The Fibonnaci sequence is one where each term equals the sum of the two previous terms.
Now, if each term is the sum of the two previous ones, then:
T(n) = T(n-1) + T(n-2)
By the way, that's exactly what we got in the algorithm you gave:
return fib(n-1) + fib(n-2);
That is, the sum of the two previous terms. Therefore, the T(n) = 1 + T(n-1) + T(n-2)
formula is simply wrong. This " 1 +
" that is there should not exist.
Finally, T(0) = 0
and T(1) = 1
are the initial terms of the sequence. if (n<2) return n;
is responsible for dealing with such cases.
The implementation of this by direct and simple recursion is not efficient . The reason is that when calculating T(n)
, we have two recursive calls to T instead of just one (as in factorial). Thus, each recursive call to T opens two other recursive calls, and each of these two calls opens two more, and each opens two more, and the business ends up growing more or less exponentially (it just is not exactly exponential because the recursive sub-calls have different sizes, then the first one is heavier than the second).
The exponential time burst can be avoided by verifying that when computing T(n-1)
, we also have to indirectly calculate T(n-2)
in the process, so it is not necessary to calculate T(n-2)
twice (one as part of T(n-1)
and the other directly).
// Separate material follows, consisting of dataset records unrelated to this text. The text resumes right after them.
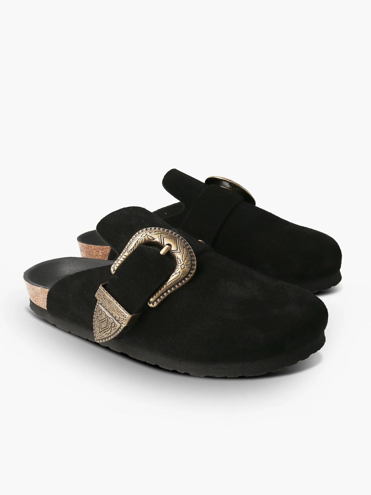 Жіночі сабо Huma від Genuins – це стильне поєднання зручності та оригінального дизайну. Модель виконана з чорного велюру, має закритий носок і характерну декоративну велику пряжку ковбойського стилю з тисненням. Широка декоративна пряжка з тисненням, регулює посадку по підйому. Взуття вирізняється мінімалістичним силуетом та акцентом на деталі, що робить його універсальним як для повсякденного, так і більш трендового образу
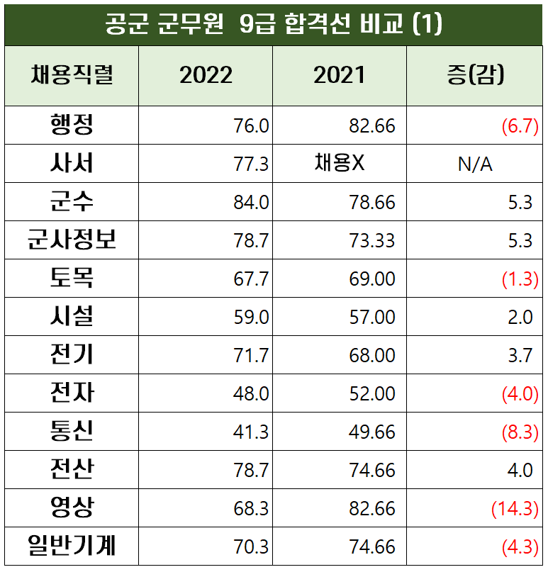 2022년과 2021년 공군 군무원 9급 합격선을 직렬별로 아래 표로 비교 했는데요.
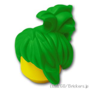 ミニフィグ ヘア - スイープアップポニーテールとクリップ:[Bt,Green / ブライトグリーン]
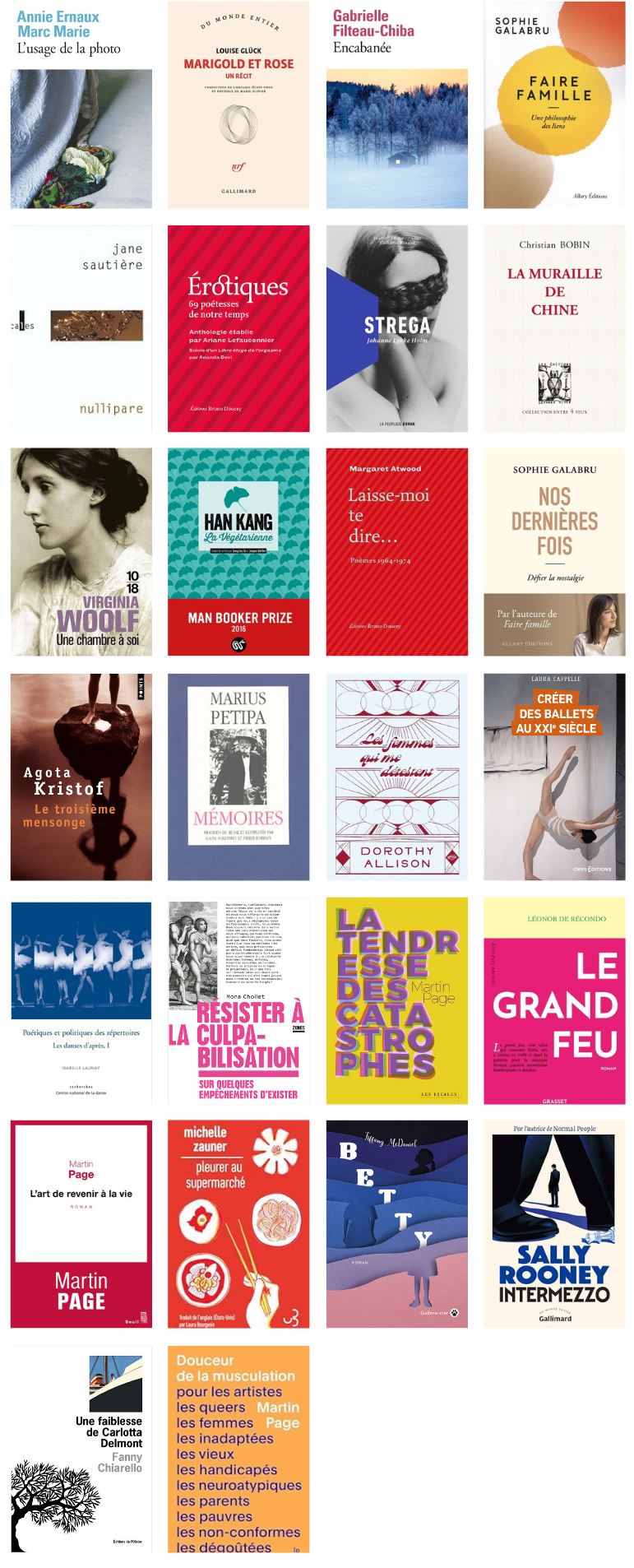 Janvier : Liv Maria de Julia Kerninon (2020) 💙💚 / La Femme aux mains qui parlent de Louise Mey (2024) / L’Appel des odeurs de Ryoko Sekiguchi (2024) / Les Ronces de Cécile Coulon / Bleuets de Maggie Nelson (2009) / Février : La Vie têtue de Juliette Rousseau (2022) / L’Animal céleste de Véra Pavlova (2004) / Fumées de Takuboku (1989) / Toucher la terre ferme de Julia Kerninon (2022) / Une activité respectable de Julia Kerninon (2017) / L’Analphabète d’Agota Kristof (2004) / Mars : Le Grand Cahier d’Agota Kristof (1986) 💛/ Tout ce qui nous était à venir de Jane Sautière (2024) / Nue, sous la lune de Violaine Bérot (2017) / Le Dernier Amour d’Attila Kiss de Julia Kerninon (2016) / Camille va aux anniversaires d’Isabelle Boissard (2024) / La Colère et l’Envie d’Alice Renard (2023) / La Preuve d’Agota Kristof (1988) / Fragments verticaux de Roberto Juarroz (1993) / L’empathie est politique de Samah Karaki (2024) / Avril : La Voyageuse de nuit de Laure Adler (2020) / De grandes dents, enquête sur un petit malentendu de Lucile Novat (2024) ❤️ / Chaos sur la toile de Kristín Marja Baldursdóttir (2007) 💛 / Mai : Veiller sur elle de Jean-Baptiste Andrea (2023) 💜 / L’Usage de la photo d’Annie Ernaux et Marc Marie (2005) / Marigold et Rose de Louise Glück (2022) / Encabanée de Gabrielle Filteau-Chiba (2018) / Faire famille, une philosophie du lien de Sophie Galabru (2023) / Nullipare de Jane Sautière (2008) / Érotiques, 69 poétesses de notre temps (2024) / Strega de Johane Lykke Holm (2022) / La Muraille de Chine de Christian Bobin (2019) / Juin : Une chambre à soi de Virginia Woolf (1929) / La Végétarienne de Han Kang (2007) / Laisse-moi te dire… de Margaret Atwood (2020) / Nos dernières fois, Défier la nostalgie de Sophie Galabru (2025) / Juillet : Le Troisième Mensonge d’Agota Kristof (1991) / Mémoires de Marius Petipa / Les femmes qui me détestent de Dorothy Allison (1983-1991, 2024) / Hier d’Agota Kristof (1995) / Créer des ballets au XXIe siècle de Laura Cappelle (2024) / Août : Poétiques et politiques du répertoire, Les Danses d’après I d’Isabelle Launay 💛 / Septembre : Résister à la culpabilisation de Mona Chollet / La Tendresse des catastrophes de Martin Page (2025) 💛 / Le Grand Feu de Léonore de Récondo (2023) / Octobre : L’Art de revenir à la vie de Martin Page (2016) / Pleurer au supermarché de Michelle Zauner (2021) / Betty de Tiffany McDaniel (2020) 💙 / Novembre-décembre : Intermezzo de Sally Rooney (2024) 💙 / Décembre : Une faiblesse de Carlotta Delmont de Fanny Chiarello (2013) / Douceur de la musculation de Martin Page (2025) /
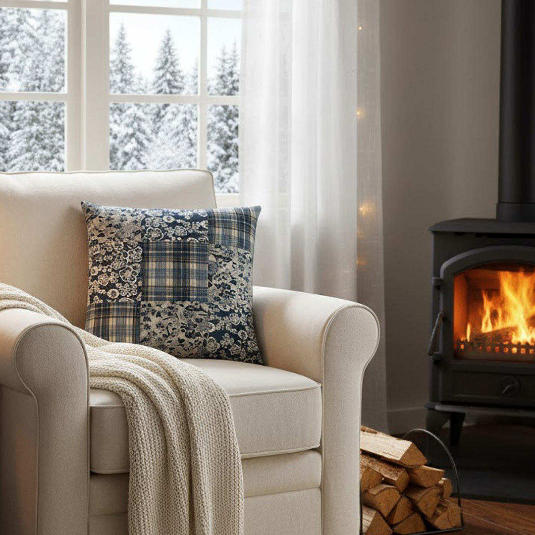 Handgequilteter Patchwork-Kissenbezug in Dunkelblau, 50x50 cm

So if we can reuse the T(n-2)
calculation to calculate the T(n-1)
, the number of calls would go to linear instead of exponential.
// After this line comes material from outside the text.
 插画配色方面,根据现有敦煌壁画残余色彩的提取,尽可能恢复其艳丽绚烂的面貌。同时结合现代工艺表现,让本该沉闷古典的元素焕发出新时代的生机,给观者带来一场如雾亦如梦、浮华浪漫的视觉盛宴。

One way to fix the recursive algorithm is to cache previously computed values to avoid having to recompute them:
// Crie um array grande o suficiente e inicialize todas as posições com -1.
int cache[] = ...;
int fib(int n) {
if (n < 2) return n;
if (cache[n] == -1) cache[n] = fib(n - 1) + fib(n - 2);
return cache[n];
}
Another efficient way would be to eliminate recursion, which has the advantage of not needing the cache. But hence the recurrence relation is no longer clearly visible in the resulting algorithm:
int fib(int n) {
if (n < 2) return n;
int a = 0, b = 1;
for (int i = 1; i < n; i++) {
int c = b;
b = a + b;
a = c;
}
return b;
}